Hello authors, thank you for your excellent work. When I use the command 'ns-train neus-facto --pipeline.model.sdf-field.inside-outside False --pipeline.model.sdf-field.encoding-type periodic --vis wandb --experiment-name neus- facto-periodic-scan40 sdfstudio-data --data data/dtu/scan40', that is, when I changed this encoding-type to periodic and tensorf_vm, the code reported an error.
Traceback (most recent call last):
File "/home/dell/.conda/envs/sdfstudio/bin/ns-train", line 8, in
sys.exit(entrypoint())
File "/data/WJH/sdfstudio/scripts/train.py", line 250, in entrypoint
main(
File "/data/WJH/sdfstudio/scripts/train.py", line 236, in main
launch(
File "/data/WJH/sdfstudio/scripts/train.py", line 175, in launch
main_func(local_rank=0, world_size=world_size, config=config)
File "/data/WJH/sdfstudio/scripts/train.py", line 90, in train_loop
trainer.train()
File "/data/WJH/sdfstudio/nerfstudio/engine/trainer.py", line 151, in train
loss, loss_dict, metrics_dict = self.train_iteration(step)
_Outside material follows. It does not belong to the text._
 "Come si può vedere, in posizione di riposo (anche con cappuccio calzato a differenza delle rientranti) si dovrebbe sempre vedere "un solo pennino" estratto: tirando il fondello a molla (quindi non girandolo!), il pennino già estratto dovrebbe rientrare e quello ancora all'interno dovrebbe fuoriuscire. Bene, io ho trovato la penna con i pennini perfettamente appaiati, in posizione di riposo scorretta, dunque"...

File "/data/WJH/sdfstudio/nerfstudio/utils/profiler.py", line 43, in wrapper
ret = func(*args, **kwargs)
File "/data/WJH/sdfstudio/nerfstudio/engine/trainer.py", line 319, in train_iteration
_, loss_dict, metrics_dict = self.pipeline.get_train_loss_dict(step=step)
File "/data/WJH/sdfstudio/nerfstudio/utils/profiler.py", line 43, in wrapper
ret = func(*args, **kwargs)
File "/data/WJH/sdfstudio/nerfstudio/pipelines/base_pipeline.py", line 260, in get_train_loss_dict
model_outputs = self._model(ray_bundle)
File "/home/dell/.conda/envs/sdfstudio/lib/python3.8/site-packages/torch/nn/modules/module.py", line 1130, in _call_impl
return forward_call(*input, **kwargs)
File "/data/WJH/sdfstudio/nerfstudio/models/base_model.py", line 142, in forward
return self.get_outputs(ray_bundle)
File "/data/WJH/sdfstudio/nerfstudio/models/base_surface_model.py", line 293, in get_outputs
samples_and_field_outputs = self.sample_and_forward_field(ray_bundle=ray_bundle)
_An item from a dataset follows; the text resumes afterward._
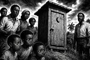 Resisting the temptation to imprint a pot spoon unto eldest son’s backside, Mrs. Ann instead returned to the yard. In the distance, she could hear the creaking latrine door swinging on its rusty hinges, as the earthy smell of shit arose with the rising sun. Someone must have left the latrine door open, she said to herself. Then a second thought entered the window of her mind. “Meh boy, meh boy,” cried the barefooted Mrs. Ann, running frantically up the hill.
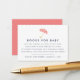 Faites glisser ces petites cartes dans vos invitations pour les douches pour bébés lorsque vous demandez des livres au lieu de cartes. Le design moderne présente des lettres bleu marine avec une petite illustration de parapluie couleur rose corail en haut. Un poème sucré explique la demande de livre : "juste une demande, nous espérons que ce n'est pas difficile // S'il vous plaît apporter un livre au lieu d'une carte // En signant votre nom, nous nous souviendrons et partagerons // votre cadeau sucré, même si vous n'êtes pas là." Personnalisez avec le nom de l'invité d'honneur et la date de la douche le long du fond.

File "/data/WJH/sdfstudio/nerfstudio/models/neus_facto.py", line 285, in sample_and_forward_field
field_outputs = self.field(ray_samples, return_alphas=True)
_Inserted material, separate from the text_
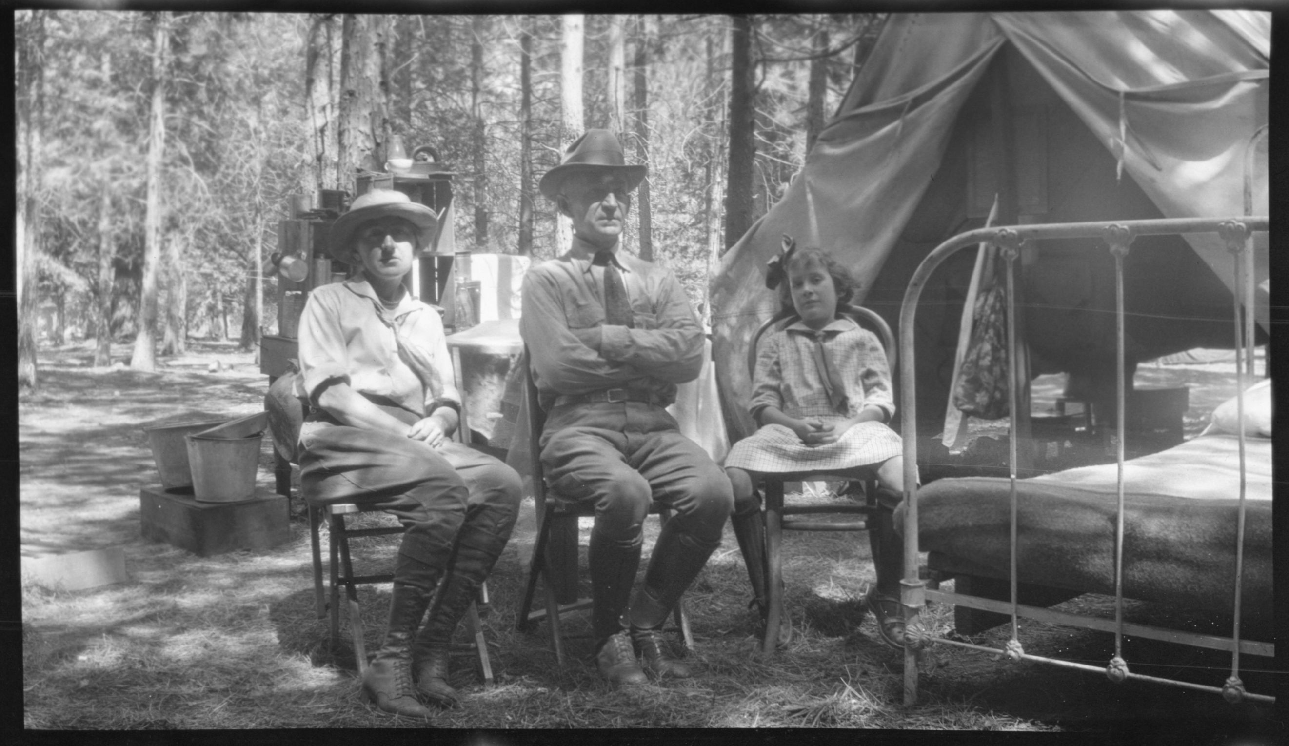 Alice Coolbaugh, Allan Bevans & Jean Coolbaugh in Camp 14, Yosemite Valley. Copied courtesy Mrs. Jean Coolbaugh Blasdale. Copied September 1983 by Michael Dixon.

File "/home/dell/.conda/envs/sdfstudio/lib/python3.8/site-packages/torch/nn/modules/module.py", line 1130, in _call_impl
return forward_call(*input, **kwargs)
File "/data/WJH/sdfstudio/nerfstudio/fields/sdf_field.py", line 697, in forward
field_outputs = self.get_outputs(ray_samples, return_alphas=return_alphas, return_occupancy=return_occupancy)
File "/data/WJH/sdfstudio/nerfstudio/fields/sdf_field.py", line 635, in get_outputs
h = self.forward_geonetwork(inputs)
File "/data/WJH/sdfstudio/nerfstudio/fields/sdf_field.py", line 388, in forward_geonetwork
feature = feature * self.hash_encoding_mask.to(feature.device)
File "/home/dell/.conda/envs/sdfstudio/lib/python3.8/site-packages/torch/nn/modules/module.py", line 1207, in getattr
raise AttributeError("'{}' object has no attribute '{}'".format(
AttributeError: 'SDFField' object has no attribute 'hash_encoding_mask'
OK, thanks for reporting this, the coarse to fine strategy that the mask is used for is not tested properly for other encodings.
OK, thanks for reporting this, the coarse to fine strategy that the mask is used for is not tested properly for other encodings.
So how can I use other encodings?This means that only a small number of models are suitable for other encoding methods, right?For example volsdf, neus?Looking forward to your reply.